Given information.
+---+
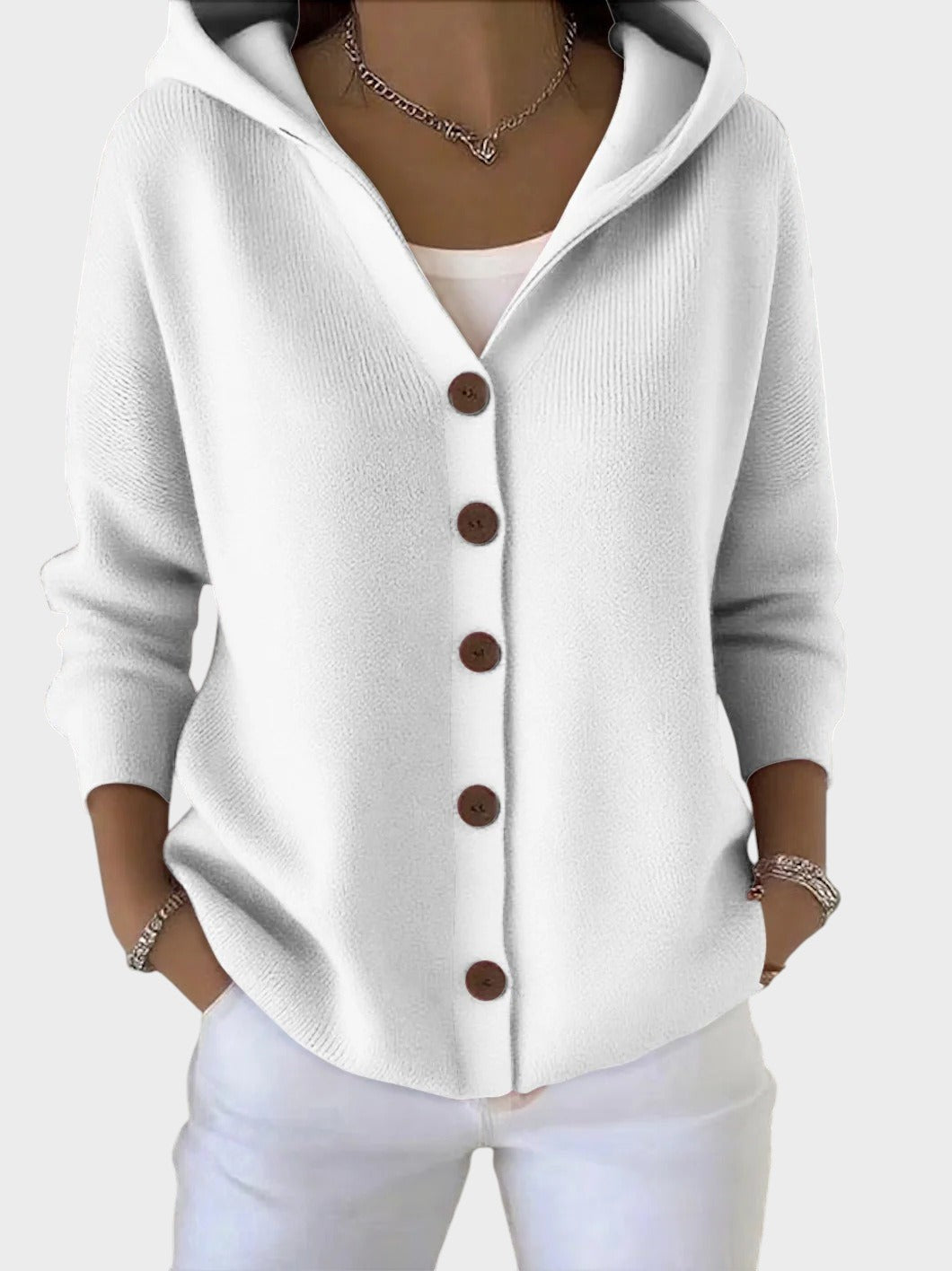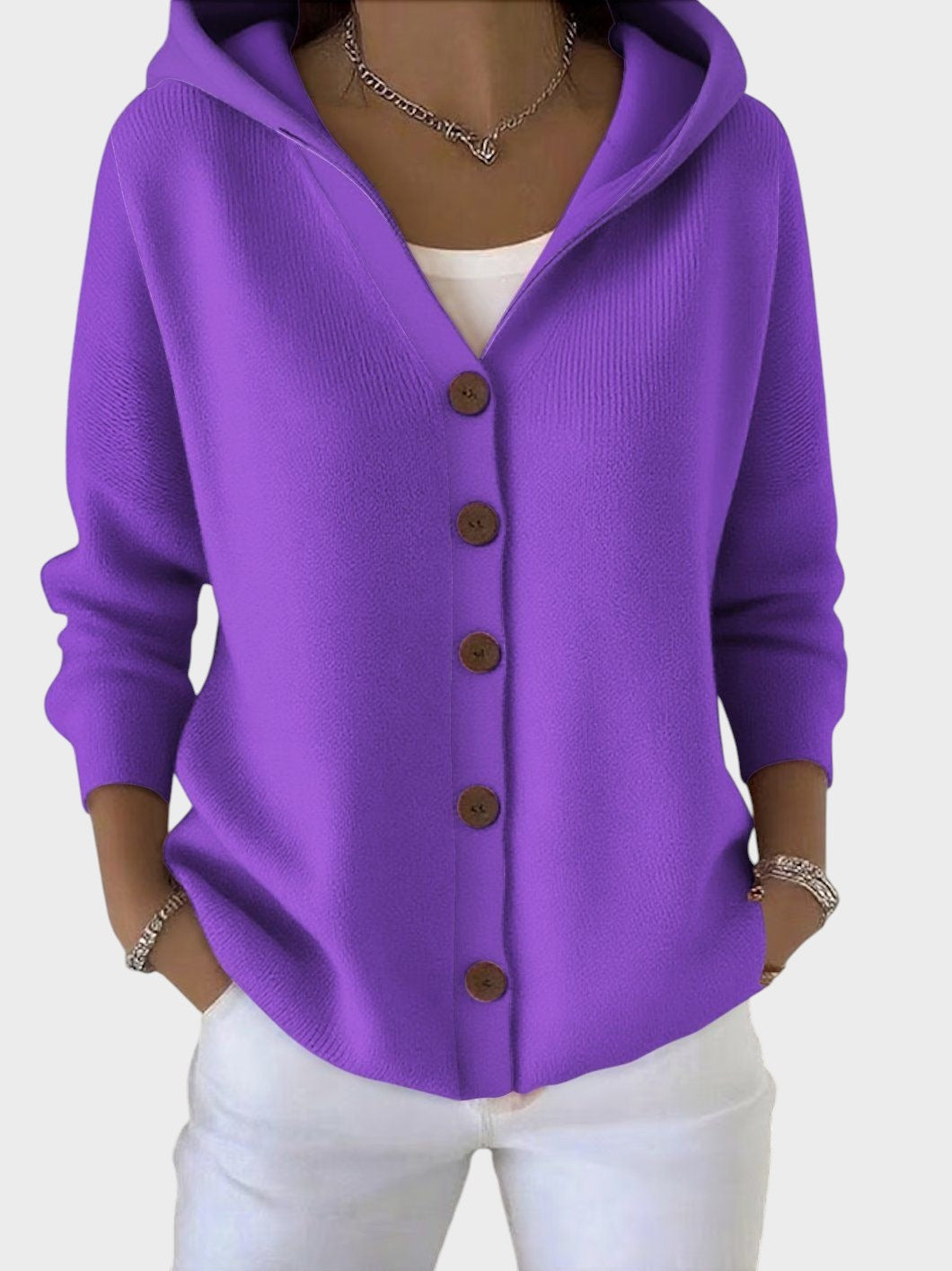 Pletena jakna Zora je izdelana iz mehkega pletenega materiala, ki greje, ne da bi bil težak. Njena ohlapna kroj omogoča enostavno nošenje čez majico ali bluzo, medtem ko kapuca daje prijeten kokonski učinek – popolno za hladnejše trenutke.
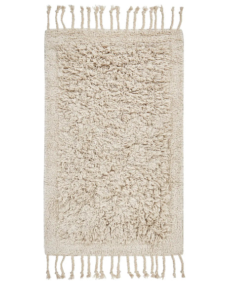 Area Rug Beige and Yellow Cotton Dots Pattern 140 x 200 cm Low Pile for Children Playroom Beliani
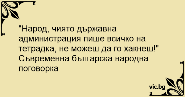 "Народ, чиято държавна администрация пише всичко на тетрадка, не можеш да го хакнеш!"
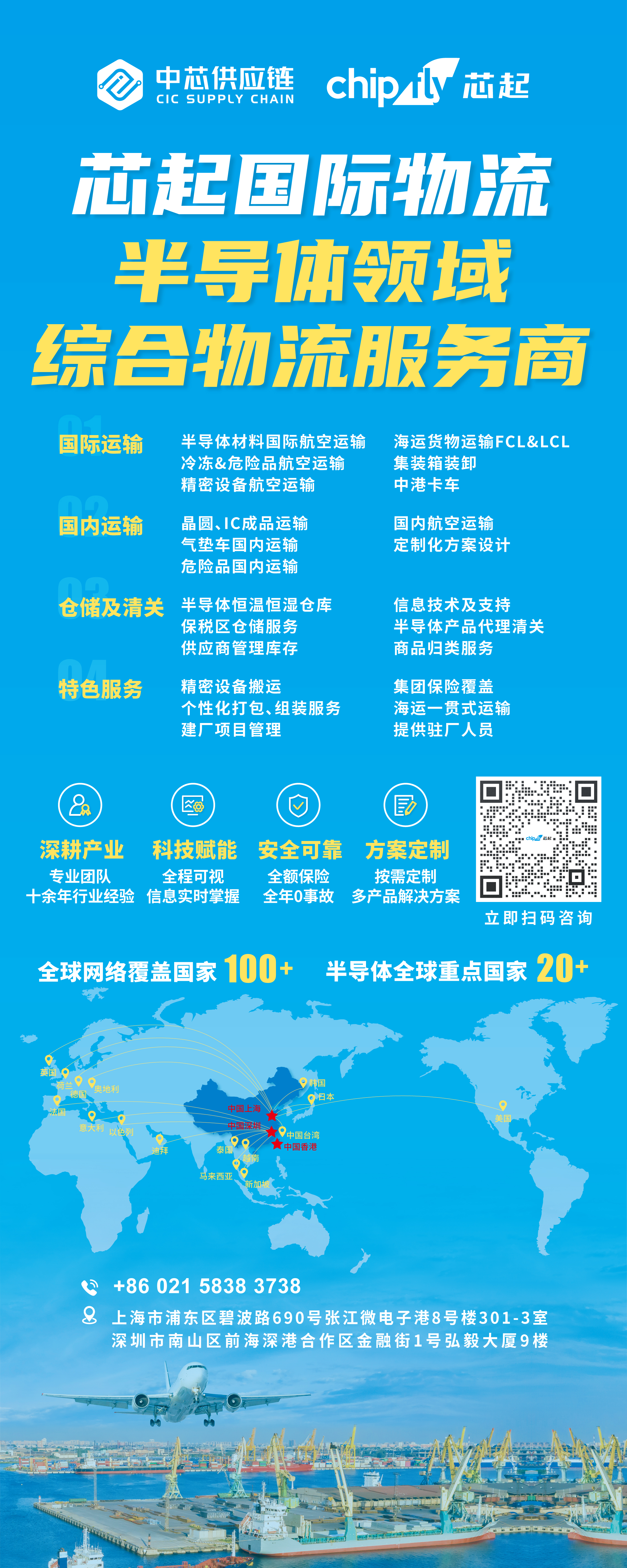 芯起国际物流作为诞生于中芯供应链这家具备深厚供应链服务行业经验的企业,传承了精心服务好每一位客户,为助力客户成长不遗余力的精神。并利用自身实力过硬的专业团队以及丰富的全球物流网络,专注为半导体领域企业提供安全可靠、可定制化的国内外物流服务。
+---+
Goal of the exercise. Starting at the line that contains "Area Rug Beige", please write out each line through the last line of the data, both ends included, and keep pictures out of the copy.

Result of this exercise.
 Area Rug Beige and Yellow Cotton Dots Pattern 140 x 200 cm Low Pile for Children Playroom Beliani
 "Народ, чиято държавна администрация пише всичко на тетрадка, не можеш да го хакнеш!"
 芯起国际物流作为诞生于中芯供应链这家具备深厚供应链服务行业经验的企业,传承了精心服务好每一位客户,为助力客户成长不遗余力的精神。并利用自身实力过硬的专业团队以及丰富的全球物流网络,专注为半导体领域企业提供安全可靠、可定制化的国内外物流服务。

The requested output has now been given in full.